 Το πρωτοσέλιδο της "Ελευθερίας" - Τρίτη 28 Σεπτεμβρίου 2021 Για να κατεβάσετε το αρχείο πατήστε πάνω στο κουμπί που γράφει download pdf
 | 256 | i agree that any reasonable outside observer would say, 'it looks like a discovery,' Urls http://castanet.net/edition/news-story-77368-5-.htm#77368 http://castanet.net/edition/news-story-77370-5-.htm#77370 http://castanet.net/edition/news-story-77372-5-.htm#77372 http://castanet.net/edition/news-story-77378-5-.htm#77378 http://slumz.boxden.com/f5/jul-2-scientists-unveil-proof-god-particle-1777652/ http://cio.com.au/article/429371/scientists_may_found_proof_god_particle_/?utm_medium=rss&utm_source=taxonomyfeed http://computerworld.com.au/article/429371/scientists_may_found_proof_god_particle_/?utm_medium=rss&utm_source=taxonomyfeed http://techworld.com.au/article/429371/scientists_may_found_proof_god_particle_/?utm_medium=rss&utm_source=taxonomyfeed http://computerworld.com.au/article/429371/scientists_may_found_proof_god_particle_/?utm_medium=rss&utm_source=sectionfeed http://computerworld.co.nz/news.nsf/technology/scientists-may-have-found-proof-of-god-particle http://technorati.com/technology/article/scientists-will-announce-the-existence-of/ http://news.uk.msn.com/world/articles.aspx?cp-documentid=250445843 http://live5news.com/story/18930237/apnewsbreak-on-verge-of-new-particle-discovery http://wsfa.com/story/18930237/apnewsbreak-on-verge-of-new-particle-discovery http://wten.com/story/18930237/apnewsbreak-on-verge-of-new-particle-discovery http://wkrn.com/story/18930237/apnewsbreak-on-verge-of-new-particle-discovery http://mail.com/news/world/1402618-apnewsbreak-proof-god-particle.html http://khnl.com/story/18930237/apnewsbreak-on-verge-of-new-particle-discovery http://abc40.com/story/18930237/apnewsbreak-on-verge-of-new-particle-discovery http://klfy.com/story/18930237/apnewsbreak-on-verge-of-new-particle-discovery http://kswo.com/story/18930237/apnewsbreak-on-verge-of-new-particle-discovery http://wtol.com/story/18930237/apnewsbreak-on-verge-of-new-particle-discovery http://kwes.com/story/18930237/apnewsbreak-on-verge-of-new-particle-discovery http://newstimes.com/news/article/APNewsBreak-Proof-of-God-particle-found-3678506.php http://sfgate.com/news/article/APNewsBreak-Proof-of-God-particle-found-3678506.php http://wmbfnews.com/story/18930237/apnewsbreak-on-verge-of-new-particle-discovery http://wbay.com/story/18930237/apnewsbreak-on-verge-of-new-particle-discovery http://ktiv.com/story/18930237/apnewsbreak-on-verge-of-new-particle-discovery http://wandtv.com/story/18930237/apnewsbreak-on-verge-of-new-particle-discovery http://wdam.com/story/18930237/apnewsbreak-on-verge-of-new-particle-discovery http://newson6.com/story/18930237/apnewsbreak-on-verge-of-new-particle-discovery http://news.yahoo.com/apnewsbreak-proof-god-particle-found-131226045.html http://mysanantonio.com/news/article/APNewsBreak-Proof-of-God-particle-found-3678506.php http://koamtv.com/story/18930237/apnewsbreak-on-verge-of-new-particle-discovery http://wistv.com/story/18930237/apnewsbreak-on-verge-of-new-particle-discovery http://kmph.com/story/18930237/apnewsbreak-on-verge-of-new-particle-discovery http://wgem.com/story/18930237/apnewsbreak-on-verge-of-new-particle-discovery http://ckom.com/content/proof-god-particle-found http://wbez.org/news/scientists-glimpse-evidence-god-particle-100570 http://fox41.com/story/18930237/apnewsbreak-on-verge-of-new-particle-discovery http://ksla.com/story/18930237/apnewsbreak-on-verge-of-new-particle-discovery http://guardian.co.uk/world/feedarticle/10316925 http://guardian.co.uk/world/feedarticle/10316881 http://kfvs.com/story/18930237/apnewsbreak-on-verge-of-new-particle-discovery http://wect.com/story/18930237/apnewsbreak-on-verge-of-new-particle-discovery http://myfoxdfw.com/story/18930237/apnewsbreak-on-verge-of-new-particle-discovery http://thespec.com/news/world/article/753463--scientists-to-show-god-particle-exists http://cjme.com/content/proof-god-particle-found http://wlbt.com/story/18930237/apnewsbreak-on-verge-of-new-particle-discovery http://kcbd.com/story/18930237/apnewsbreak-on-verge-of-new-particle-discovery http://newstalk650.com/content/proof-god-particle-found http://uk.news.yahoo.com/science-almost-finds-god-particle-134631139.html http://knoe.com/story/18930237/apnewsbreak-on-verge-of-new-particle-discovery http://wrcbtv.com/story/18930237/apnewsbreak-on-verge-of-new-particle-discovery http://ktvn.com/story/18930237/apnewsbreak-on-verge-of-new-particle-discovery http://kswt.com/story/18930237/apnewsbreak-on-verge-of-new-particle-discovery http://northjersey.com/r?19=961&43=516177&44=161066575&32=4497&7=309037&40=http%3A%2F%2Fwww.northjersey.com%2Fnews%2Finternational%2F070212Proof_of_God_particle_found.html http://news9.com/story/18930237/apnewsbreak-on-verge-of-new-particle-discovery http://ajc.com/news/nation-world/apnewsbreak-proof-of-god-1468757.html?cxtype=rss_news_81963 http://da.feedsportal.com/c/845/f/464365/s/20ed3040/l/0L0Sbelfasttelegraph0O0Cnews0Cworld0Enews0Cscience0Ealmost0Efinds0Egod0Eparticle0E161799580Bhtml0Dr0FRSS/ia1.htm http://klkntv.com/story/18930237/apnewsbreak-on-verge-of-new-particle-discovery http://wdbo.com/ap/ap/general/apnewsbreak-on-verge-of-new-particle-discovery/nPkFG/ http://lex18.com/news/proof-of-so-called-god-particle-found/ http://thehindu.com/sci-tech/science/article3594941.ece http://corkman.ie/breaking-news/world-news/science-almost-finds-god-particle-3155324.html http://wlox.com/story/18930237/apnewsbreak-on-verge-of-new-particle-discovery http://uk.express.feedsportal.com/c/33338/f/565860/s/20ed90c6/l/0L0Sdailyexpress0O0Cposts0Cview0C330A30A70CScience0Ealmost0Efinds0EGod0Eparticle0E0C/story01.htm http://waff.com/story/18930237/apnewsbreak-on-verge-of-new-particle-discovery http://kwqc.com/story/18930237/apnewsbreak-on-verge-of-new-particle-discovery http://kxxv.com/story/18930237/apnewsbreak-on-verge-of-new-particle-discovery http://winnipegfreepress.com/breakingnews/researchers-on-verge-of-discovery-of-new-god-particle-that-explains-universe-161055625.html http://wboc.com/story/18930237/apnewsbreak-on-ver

━━━

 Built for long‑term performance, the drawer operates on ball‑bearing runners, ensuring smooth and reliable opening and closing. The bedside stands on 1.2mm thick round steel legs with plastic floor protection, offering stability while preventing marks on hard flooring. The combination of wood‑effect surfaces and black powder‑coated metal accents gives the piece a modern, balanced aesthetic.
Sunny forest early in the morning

━━━

→ Work required: Lines to set down from above: the line with "Built for long‑term", the line with "Sunny forest early in the morning", and every line between, each exactly as written.

→ Solution to this exercise:
 Built for long‑term performance, the drawer operates on ball‑bearing runners, ensuring smooth and reliable opening and closing. The bedside stands on 1.2mm thick round steel legs with plastic floor protection, offering stability while preventing marks on hard flooring. The combination of wood‑effect surfaces and black powder‑coated metal accents gives the piece a modern, balanced aesthetic.
Sunny forest early in the morning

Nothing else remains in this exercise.